I don’t know how long I sit up on that hill beside him. I weep a river.
Buckaroo, my Aussie, waits nearby like a guardian of my horse and my grief.
Sit with your pain:
In spiritual circles it is often said to “sit with your pain.” That night all I want to do is kill the pain by any self-destructive means possible; chocolate, ice cream, cookies or pie. However, there isn’t any in the house. I chastise myself for my poor planning. Didn’t I know that after 29 years with Lion I would fall apart?

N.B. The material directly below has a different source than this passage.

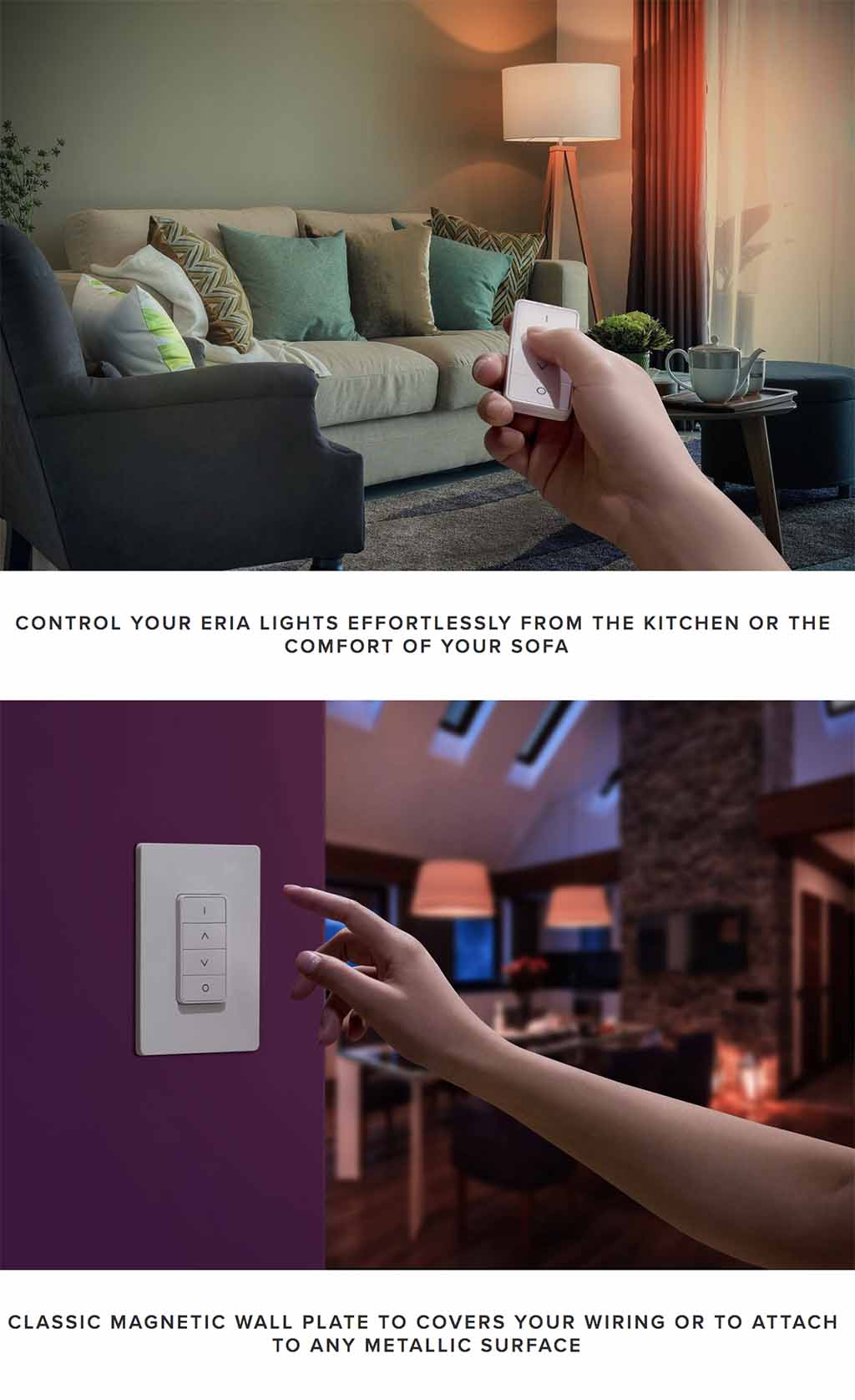 Complete wireless dimming starter kit. Comes with everything you need to control your lighting effortlessly from the kitchen to the comfort of your sofa by using the ERIA wireless dimming switch. Our starter kit comes with one pre-programmed A19 soft white 800 lumen wireless controlled smart bulb and one portable dimmer remote to give you control from anywhere in your home up to 90 feet with no hub required. Easy to use, easy to install, and works with any ZigBee certified light. Connect to an AduroSmart ERIA hub for total smart home integration.AduroSmart ERIA Soft White Smart Wireless Dimming A19 Starter Kit, 60W Equivalent, Remote Switch Included, 1 Bulbs

There are bottles of Guinness beer in the back of the fridge. Lion’s favorite. He loved having a cold beer added to his feed on hot summer days. I don’t drink beer.
Seeing those bottles makes me want to drink one.
My little voice whispers: “you did the right thing, his spirit is free.” Why oh why doesn’t that make me feel better…
It’s a process, grief and sorrow. Reality is re-shaped with the passing of a loved one. A light went out of my life. I have to remind myself that Lion’s light is shining somewhere else.
Each day gets a little better. Friends phone me, I take calls from a few clients and try to get back to the new normal: the place without Lionheart in it.
I keep reminding myself how lucky I am. I had all these years with him. I was able to retire him at my farm and give him 15 years of retirement. I was able to take care of him and learn from him.
I think about funny Lion stories like the day we spread sawdust in front of the shed-row barn, and how he spooked at it, and then leapt over it to get into his stall. That was just two years ago. Or how he played with his friend-enemy, King Henry the cat who loved to walk along the top rail of the three-board fence line, and whom Lion would try to nudge off the fence. The cat would give Lion a few whacks on his nose, and Lion would squeal and run away…only to return to try and knock the cat off again.
My friend, Lionheart. You are with me, always.